►

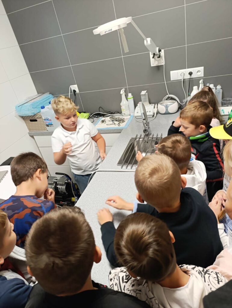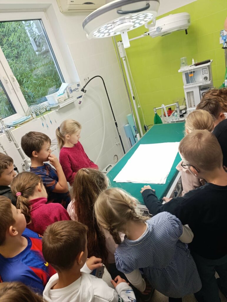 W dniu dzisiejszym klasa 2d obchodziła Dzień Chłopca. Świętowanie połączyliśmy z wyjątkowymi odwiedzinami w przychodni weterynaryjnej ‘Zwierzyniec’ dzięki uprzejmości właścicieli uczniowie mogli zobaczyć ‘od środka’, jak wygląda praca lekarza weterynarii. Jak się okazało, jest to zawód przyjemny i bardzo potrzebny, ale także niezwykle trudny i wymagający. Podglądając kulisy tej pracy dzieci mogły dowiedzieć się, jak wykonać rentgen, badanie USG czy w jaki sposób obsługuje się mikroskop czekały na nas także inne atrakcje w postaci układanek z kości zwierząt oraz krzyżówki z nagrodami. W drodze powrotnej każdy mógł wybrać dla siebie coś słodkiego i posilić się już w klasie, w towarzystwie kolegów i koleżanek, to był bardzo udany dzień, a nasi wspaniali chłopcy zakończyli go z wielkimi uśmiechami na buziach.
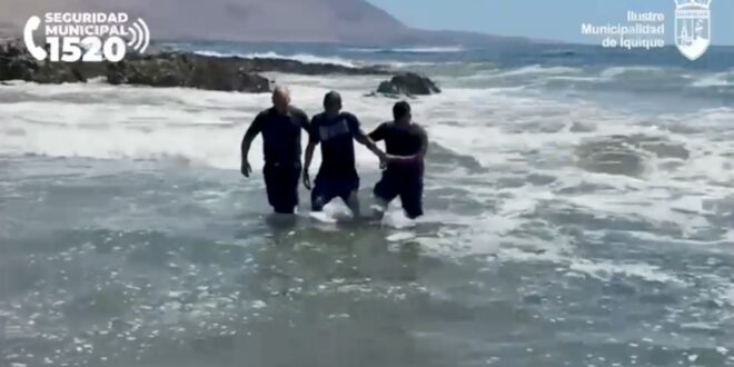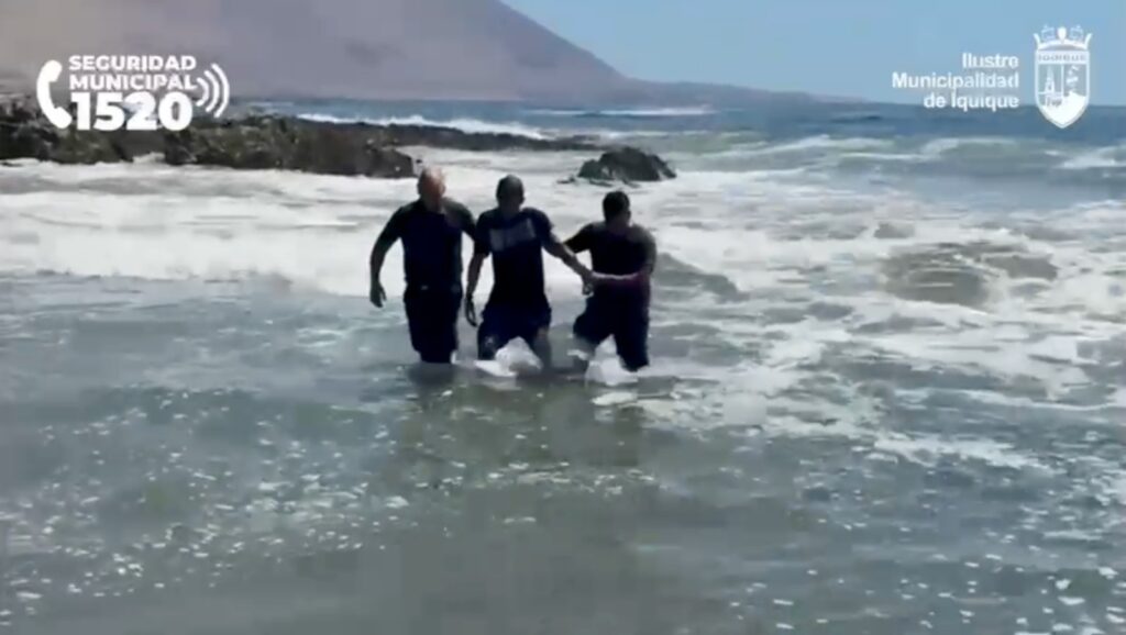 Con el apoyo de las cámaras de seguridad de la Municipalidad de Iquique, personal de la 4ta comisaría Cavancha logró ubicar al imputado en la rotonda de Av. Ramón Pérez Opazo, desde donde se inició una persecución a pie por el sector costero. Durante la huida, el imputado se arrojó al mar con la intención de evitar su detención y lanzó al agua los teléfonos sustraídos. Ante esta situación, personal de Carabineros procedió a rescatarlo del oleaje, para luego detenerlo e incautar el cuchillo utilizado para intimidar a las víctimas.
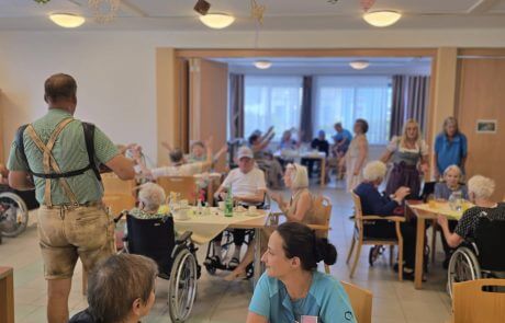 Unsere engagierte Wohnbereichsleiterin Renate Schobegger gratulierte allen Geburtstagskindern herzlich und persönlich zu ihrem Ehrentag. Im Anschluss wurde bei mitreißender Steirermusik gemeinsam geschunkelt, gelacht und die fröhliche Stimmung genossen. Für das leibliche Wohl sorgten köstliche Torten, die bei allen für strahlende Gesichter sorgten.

◄
►

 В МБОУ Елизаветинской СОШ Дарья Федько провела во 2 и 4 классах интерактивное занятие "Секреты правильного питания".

◄
►

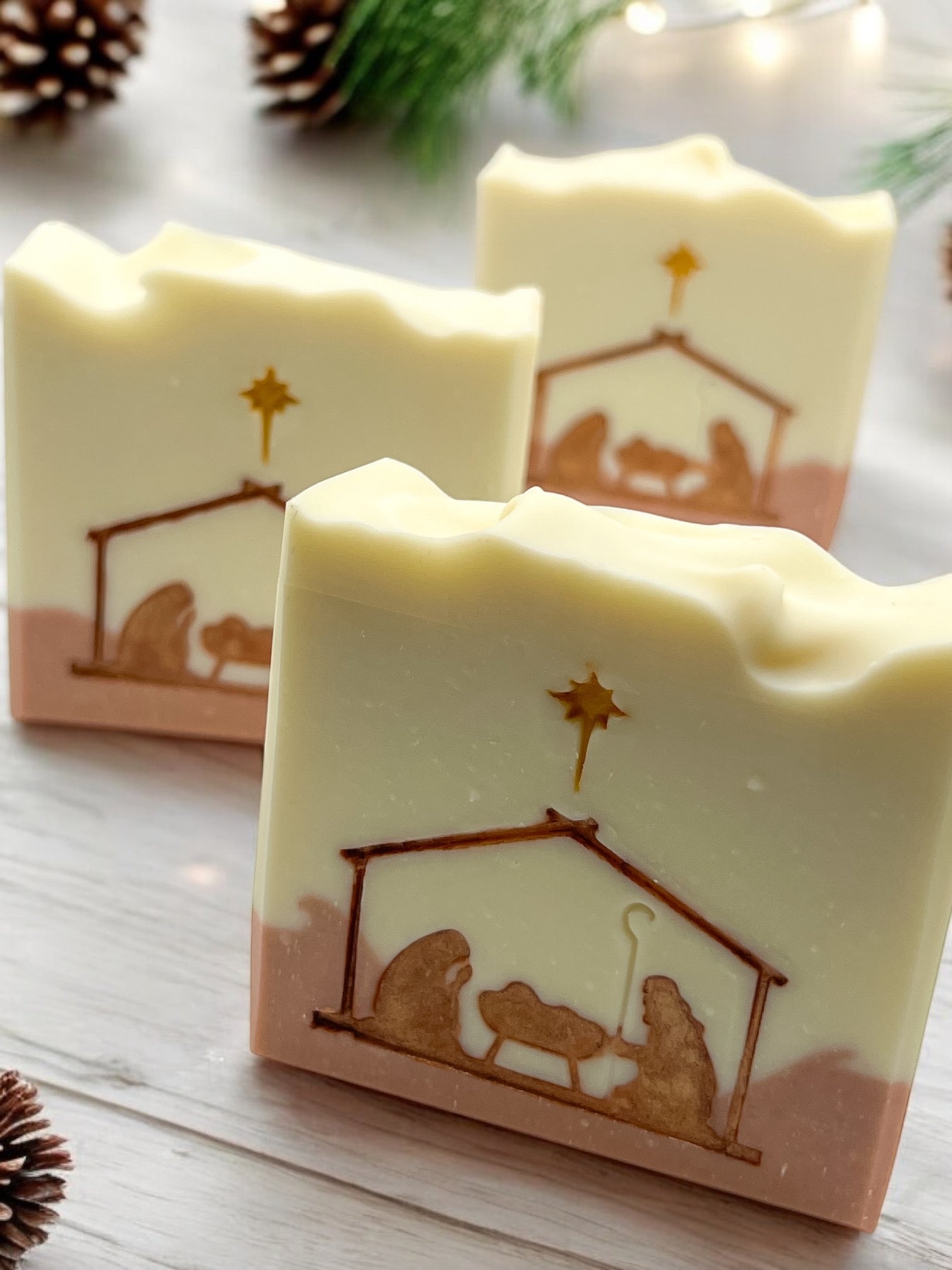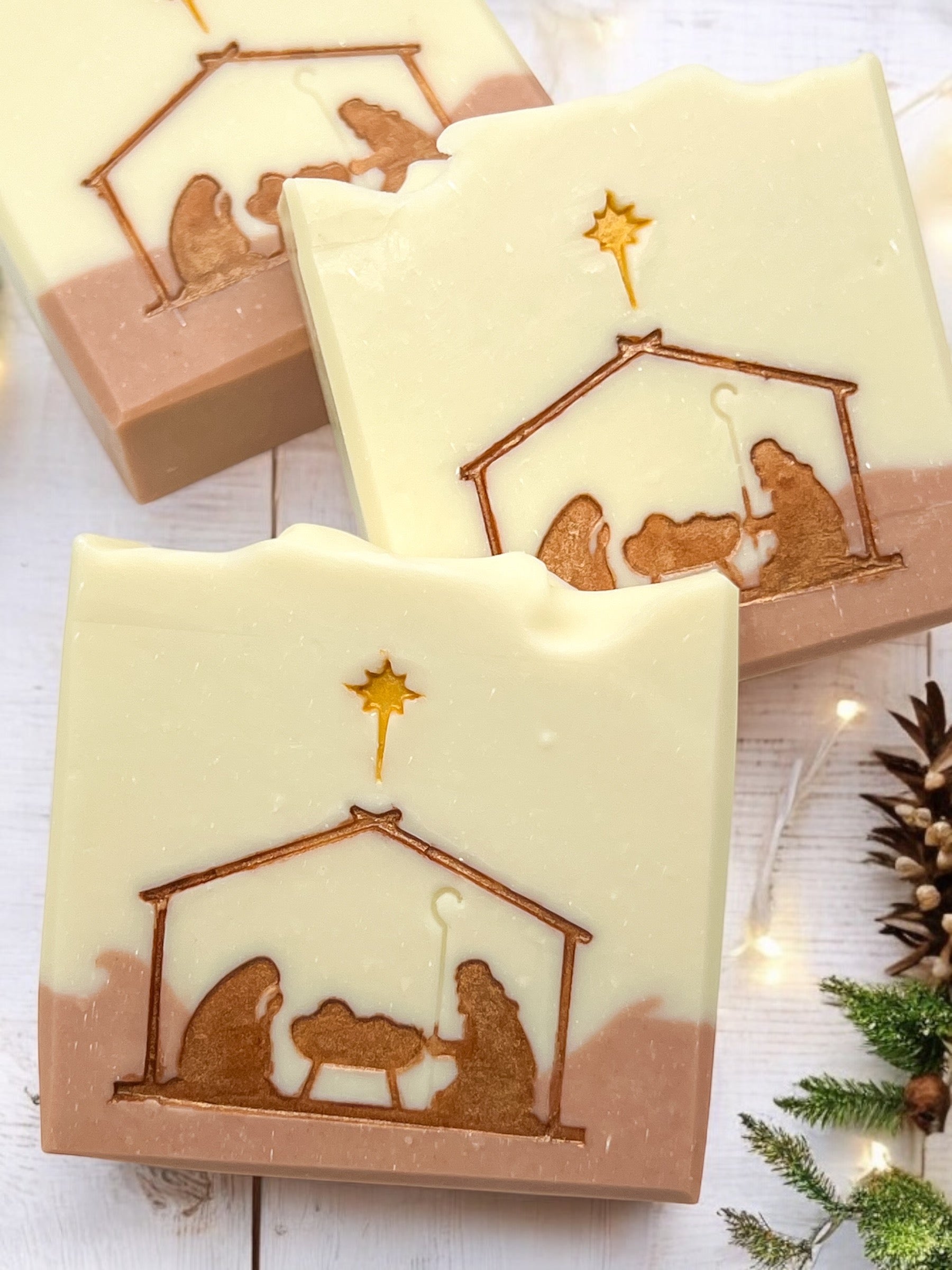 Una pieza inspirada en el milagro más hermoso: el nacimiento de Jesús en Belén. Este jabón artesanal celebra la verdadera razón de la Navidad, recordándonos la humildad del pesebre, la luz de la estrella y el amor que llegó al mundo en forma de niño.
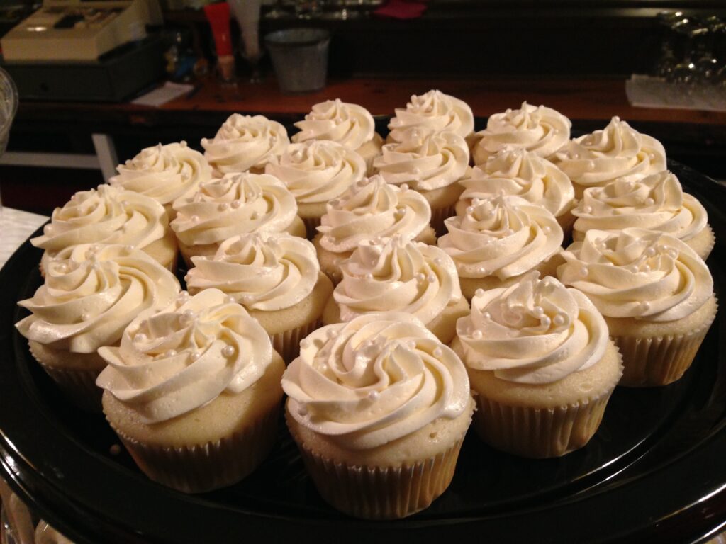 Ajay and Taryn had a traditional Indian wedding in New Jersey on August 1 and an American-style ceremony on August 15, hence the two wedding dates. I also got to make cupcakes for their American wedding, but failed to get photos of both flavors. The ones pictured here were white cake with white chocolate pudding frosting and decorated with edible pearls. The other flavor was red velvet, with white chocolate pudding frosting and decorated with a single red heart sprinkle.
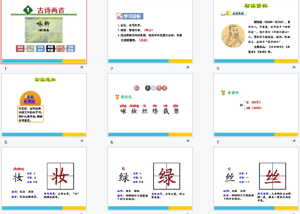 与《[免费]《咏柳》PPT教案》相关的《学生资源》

◄

• **WHAT YOU ARE ASKED TO DO**: Having found the line with "Ajay and Taryn" and the line with "与《[免费]《咏柳》PPT教案》相关的《学生资源》" in the material above, write out exactly those two and every line between, leaving the pictures out.

• **WRITTEN SOLUTION**:
 Ajay and Taryn had a traditional Indian wedding in New Jersey on August 1 and an American-style ceremony on August 15, hence the two wedding dates. I also got to make cupcakes for their American wedding, but failed to get photos of both flavors. The ones pictured here were white cake with white chocolate pudding frosting and decorated with edible pearls. The other flavor was red velvet, with white chocolate pudding frosting and decorated with a single red heart sprinkle.
 与《[免费]《咏柳》PPT教案》相关的《学生资源》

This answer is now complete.